As an alternative to the compression spring 32 shown in the drawing, it can also be provided to see the compression spring 32 only on one end face ( 41 ; 42 ) with a bevel angle. The technical effort is less in this case, since two end faces ( 41 ; 42 ) do not have to be ground parallel to one another. The resulting radial force on the compression spring 32 acts in this case only on one side, which - depending on the embodiment of the fuel injection valve - can be sufficient to fix the compression spring 32 .

It can also be provided to arrange another Druckfe in the spring chamber 30 instead of a compression spring 32 designed as a compression spring. For example, the spring wire of the compression spring 32 can also have a meandering arrangement.

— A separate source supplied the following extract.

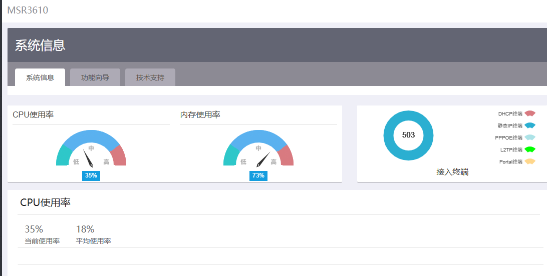 - 设备硬件配置 - MSR3610 有不同子型号(如 MSR3610-X1、MSR3610-IE 等),需确认是否具备多业务处理能力:- 若配备多核 CPU(如双核 1.2GHz 及以上)、≥1GB 内存,且开启了 DHCP 中继、简单 ACL 等基础功能,500 台终端的会话数(预估单终端 10-20 个会话,总计 5000-10000 个)在设备承载范围内;

In addition to the use in a fuel injection valve, it can also be provided to use the compression spring 32 according to the invention in another device in which a constant force is to be exerted on a movable element and it is disadvantageous if the compression spring is movable in the corresponding spring space.

Claims (6)

1. Fuel injection valve with a valve holding body ( 5 ) and a spring chamber ( 30 ) formed therein, in which we at least one longitudinal axis ( 34 ) having a compression spring ( 32 ) under tension between a fixed stop and a spring plate ( 27 ) is arranged, the Compression spring ( 32 ) has two flat end faces ( 41 ; 42 ) and the spring plate ( 27 ) is at least indirectly connected to a valve member ( 12 ) and can be moved together with it in the spring chamber ( 30 ), so that the compression spring ( 32 ) has a closing force exerts on the valve member ( 12 ), wherein the valve member ( 12 ) can be moved by a hydraulic force against the force of the compression spring ( 32 ) and thereby controls at least one injection opening ( 24 ) via which fuel is injected into the combustion chamber of an internal combustion engine can, characterized in that the compression spring ( 32 ) in the spring chamber ( 30 ) is arranged such that the longitudinal axis ( 34 ) is inclined to the direction of movement ( 39 ) of the spring plate ( 27 ). 2. Fuel injection valve according to claim 1, characterized in that at least one end face ( 41 ; 42 ) of the compression spring ( 32 ) has a surface normal ( 35 ) which includes an angle (α) with the longitudinal axis ( 34 ) of the compression spring ( 32 ). 3. Fuel injection valve according to claim 2, characterized in that the two end faces ( 41 ; 42 ) of the compression spring ( 32 ) are parallel to one another. 4. Fuel injection valve according to claim 2 or 3, characterized in that the angle (α) of the surface normal ( 35 ) with the longitudinal axis ( 34 ) of the compression spring ( 32 ) is 0.5 to 2.5 degrees. 5. Fuel injection valve according to one of the preceding claims, characterized in that the spring chamber ( 30 ) is designed as a bore, the diameter of which corresponds at least approximately to the diameter of the compression spring ( 32 ) plus the overhang (e) of the compression spring ( 32 ). 6. Fuel injection valve according to one of the preceding claims, characterized in that the compression spring ( 32 ) is designed as a helical compression spring.